Cedric Jones

No. 83
- Position: Wide receiver

Personal information
- Born: June 1, 1960 (age 66) Norfolk, Virginia, U.S.
- Listed height: 6 ft 1 in (1.85 m)
- Listed weight: 184 lb (83 kg)

Career information
- High school: Weldon (Weldon, North Carolina)
- College: Duke
- NFL draft: 1982: 3rd round, 56th overall pick

Career history
- New England Patriots (1982–1990); Houston Oilers (1991)*;
- * Offseason or practice squad member only

Awards and highlights
- Second-team All-American (1981); First-team All-ACC (1981); Duke football Hall of Fame;

Career NFL statistics
- Receptions: 191
- Receiving yards: 2,703
- Receiving touchdowns: 16
- Stats at Pro Football Reference

= Cedric Jones (wide receiver) =

American football player (born 1960)

Cedric Decorrus Jones (/ˈsiːdrɪk/ SEED-rik; born June 1, 1960) is an American former professional football player who was a wide receiver for nine seasons with the National Football League (NFL)'s New England Patriots. He was selected by the Patriots with the 56th overall pick in the third round of the 1982 NFL draft, and played college football for the Duke Blue Devils.

== College career ==

=== Duke ===
Cedric Jones played football for the Blue Devils from 1978 to 1981, where he had an outstanding career. Jones finished his college career with 99 catches for 1,732 yards and 21 touchdowns, with 42 receptions for 832 yards and 10 touchdowns coming during his senior season. Not only was his senior season remarkable statistically, he also served as captain of the team, received team MVP, All-ACC honors, and second-team All-America. Represented Duke in the prestigious Senior Bowl following his senior season.

He led the ACC in receiving yardage in 1981 and, as a sophomore, returned a kickoff 97 yards for a touchdown versus Wake Forest. The top receiving yardage game of his career came on October 24, 1981, against Maryland when he caught six passes for 183 yards and two touchdowns.

He graduated from Duke in 1982 with degrees in history and political science.

== Professional career ==
Jones played his entire 9-year career with the Patriots.

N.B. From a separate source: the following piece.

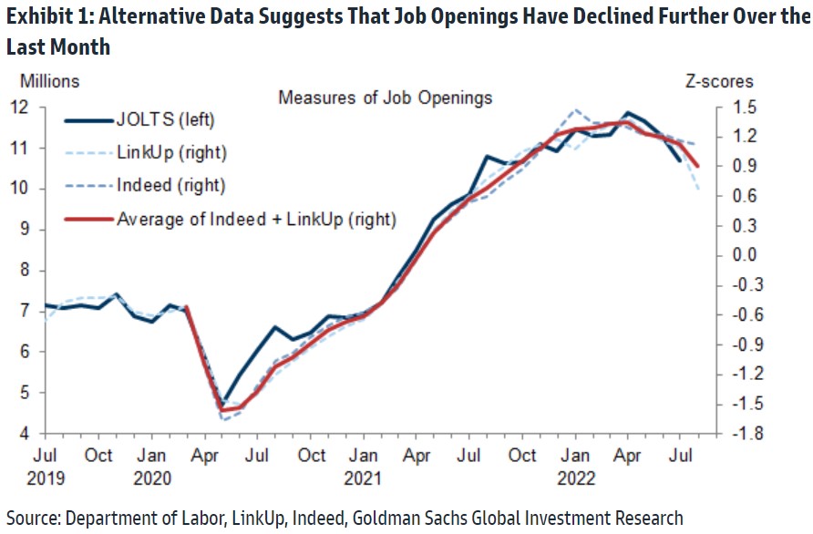 职位空缺在将近半年前达到峰值,自那时以来已经减少了至少110万个,但它们仍然保持在接近纪录水平,高盛分析师罗尼·沃克本周在一份报告中写道。

He helped lead the Patriots to an appearance in Super Bowl XX, a 46–10 loss to the Chicago Bears. His best season came in 1989 when he caught 48 balls for 670 yards (14 yards per catch) and 6 touchdowns. Jones finished his career with 191 receptions for 2,703 yards and 16 touchdowns. He also contributed occasionally on special teams, returning 14 kickoffs throughout his career.

==NFL career statistics==

Legend
| Bold | Career high |

| Year | Team | Games |  | Receiving |  |  |  |  |
| GP | GS | Rec | Yds | Avg | Lng | TD |
| 1982 | NWE | 2 | 0 | 1 | 5 | 5.0 | 5 | 0 |
| 1983 | NWE | 15 | 12 | 20 | 323 | 16.2 | 30 | 1 |
| 1984 | NWE | 14 | 3 | 19 | 244 | 12.8 | 22 | 2 |
| 1985 | NWE | 16 | 3 | 21 | 237 | 11.3 | 29 | 2 |
| 1986 | NWE | 16 | 0 | 14 | 222 | 15.9 | 28 | 1 |
| 1987 | NWE | 12 | 4 | 25 | 388 | 15.5 | 29 | 3 |
| 1988 | NWE | 16 | 2 | 22 | 313 | 14.2 | 41 | 1 |
| 1989 | NWE | 15 | 12 | 48 | 670 | 14.0 | 65 | 6 |
| 1990 | NWE | 14 | 2 | 21 | 301 | 14.3 | 26 | 0 |
| Total |  | 120 | 38 | 191 | 2,703 | 14.2 | 65 | 16 |

== Personal life ==
After his NFL career Jones worked for 3 years as the NFL's Director of Senior Director Consumer Products/On Field Operations, and 3 years as the NFL's Senior Director for Youth Football. He is currently the athletic director for the New York Athletic Club in New York City. After his tenure at the New York Athletic Club, he became the Director of Athletics at the Brunswick School in Greenwich, Connecticut, where he currently resides.